Python generators are great!


Python generators are great!

Python is an amazing language that can be both forgiving for beginners and still provide more and more advanced features as we dig through. Sometimes, you hear or read about some of its powerfull tools, and you feel that you have nothing to use it on. But one day that time comes, and you realise that it can make things easier, more readable or more performant. Generators are one of those nice little things.

I have used generators before, every Python programmer uses them even without knowing about them, because in fact generators are used to make some of the most useful tools in the Standard Library, like range(), open(), os.walk() and many others. Generators are nice because they work in a way that allows to acess and/or process data in small pieces as needed, allowing to save memory and processing time. This approach can save time in cases where you don’t need the whole data to be accessed and processed in one single batch.

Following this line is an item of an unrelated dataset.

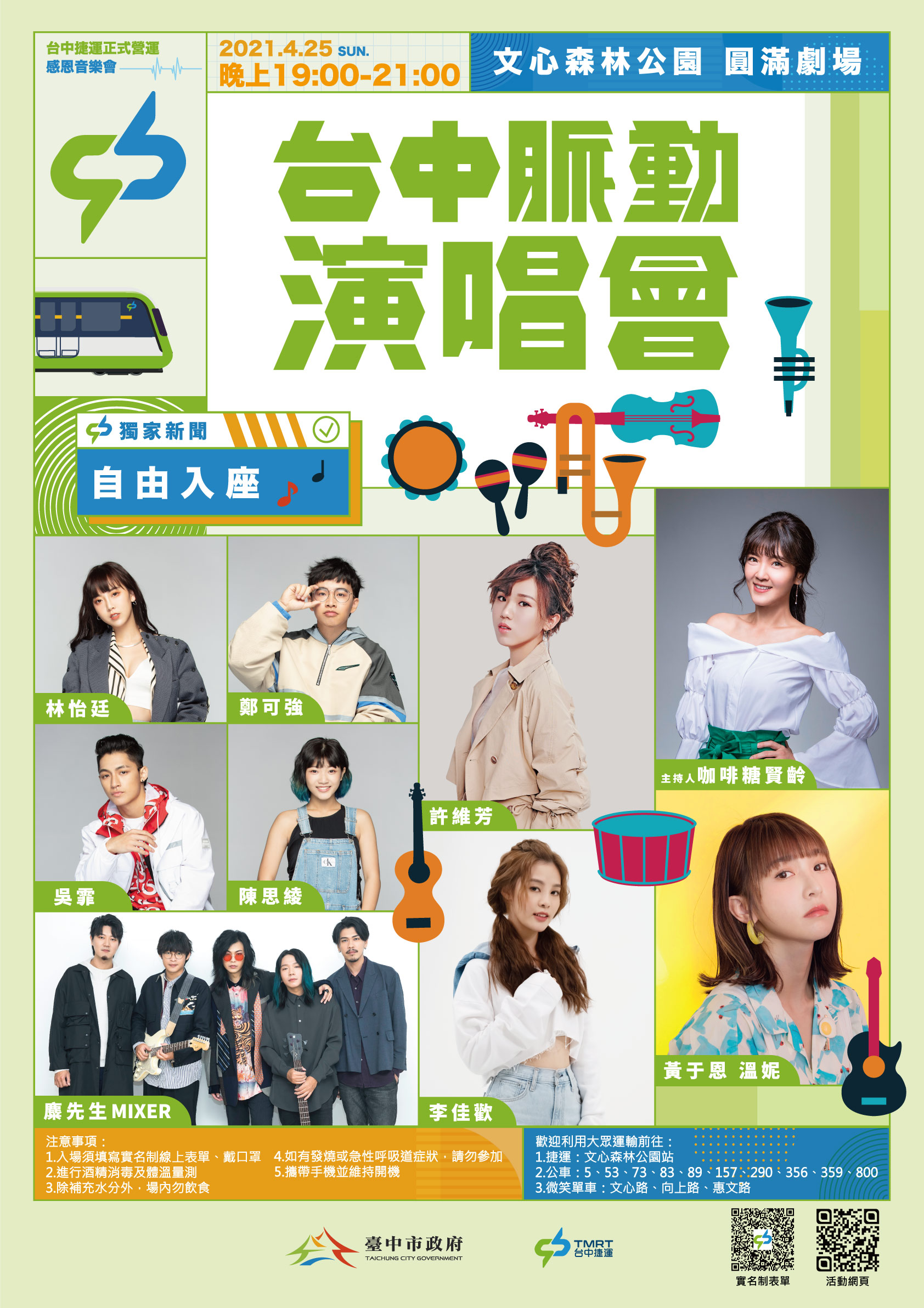 台中捷運公司指出,中捷綠線正式通車象徵中台灣大眾運輸發展邁向新的里程碑,歡迎大家搭乘大眾運輸工具前往演唱會現場,搭乘捷運請在文心森林公園站下車;公車5、53、73、83、89、157、290、356、359、800路都可直達文心森林公園;另公園周邊的文心路、向上路、惠文路也設有微笑單車3站點,歡迎多加利用。因應疫情,入口處將設置紅外線熱像儀測量體溫,備妥酒精消毒,提醒民眾全程戴口罩並填寫實名制表單,現場禁止販售餐飲及飲食,一起守護健康安全。

Some days ago, I had my first real-life encounter with a generator. I knew about them, I read a couple of books that mentioned them, saw videos that praised their usefulness, and yet, I had never made a generator. Looking back, I can tell for sure that I certainly could and should have used generators in some of my previous code. But everything has its time. And this week I was destined to make my first generator. And it felt very good!

So… remember that Count Files project that I mentioned some time ago? I have been working on it with Nataliia, and we have implemented a new file search feature that lists all files that have a specific extension in its name (for instance, searching for all *.py files in a project directory, or in your computer). It will show a list of all found file paths and count them for you:

 1
 2
 3
 4
 5
 6
 7
 8
 9
10
11
12
13
14
15
16
17
18
19
20
21
22
23
24
25
26
27
28
$ countfiles -fe py

Recursively searching all files with extension .py, ignoring hidden files and directories, in /Users/npk/python-projects/Count-files

/Users/npk/python-projects/Count-files/setup.py (1.5 KiB)
/Users/npk/python-projects/Count-files/countfiles/__init__.py (0.0 B)
/Users/npk/python-projects/Count-files/countfiles/__main__.py (7.9 KiB)
/Users/npk/python-projects/Count-files/countfiles/settings.py (891.0 B)
/Users/npk/python-projects/Count-files/countfiles/utils/__init__.py (0.0 B)
/Users/npk/python-projects/Count-files/countfiles/utils/decorators.py (785.0 B)
/Users/npk/python-projects/Count-files/countfiles/utils/file_handlers.py (6.9 KiB)
/Users/npk/python-projects/Count-files/countfiles/utils/file_preview.py (2.7 KiB)
/Users/npk/python-projects/Count-files/countfiles/utils/word_counter.py (4.3 KiB)
/Users/npk/python-projects/Count-files/tests/test_argument_parser.py (3.2 KiB)
/Users/npk/python-projects/Count-files/tests/test_some_functions.py (6.2 KiB)
/Users/npk/python-projects/Count-files/tests/test_word_counter.py (3.2 KiB)
/Users/npk/python-projects/Count-files/tests/data_for_tests/py_file_for_tests.py (50.0 B)
/Users/npk/python-projects/Count-files/tests/data_for_tests/django_staticfiles_for_test/py_file.py (50.0 B)
/Users/npk/python-projects/Count-files/tests/hidden_py/hidden_test.py (0.0 B)
/Users/npk/python-projects/Count-files/tests/hidden_py/test_file.py (0.0 B)
/Users/npk/python-projects/Count-files/tests/hidden_py/hidden/hidden_test_sub.py (0.0 B)
/Users/npk/python-projects/Count-files/tests/hidden_py/hidden/test_file_sub.py (0.0 B)
/Users/npk/python-projects/Count-files/tests/test_hidden_windows/folder_hidden_for_win/hidden_for_win.py (0.0 B)
/Users/npk/python-projects/Count-files/tests/test_hidden_windows/folder_hidden_for_win/not_hidden.py (0.0 B)

   Found 20 file(s).
   Total combined size: 37.7 KiB.
   Average file size: 1.9 KiB (max: 7.9 KiB, min: 0.0 B).

With a small number of files, it was pretty fast, but when trying to get results for large directories or the whole filesystem, the user would get no feedback for several seconds (or minutes, or even hours). And the memory needed to store that list of paths would keep growing during that time, which could eventually result in unwanted performance or stability issues.

Having completed that first version, and knowing by then the kind of results we wanted, it just made sense to use a generator in there. It was easy: I replaced the return statements by yield statements and made a few other small adjustments, and it was in fact pretty straightforward. Now, that feature uses less than one third of the RAM and takes a few seconds less to complete its operation. But the best part is that it provides imediate and constant feedback to the user, by printing immediately to the screen each matching file path it finds, instead of having to wait for the whole list to be built on memory.

It’s one of those simple changes in the code that end up making a big difference for the user.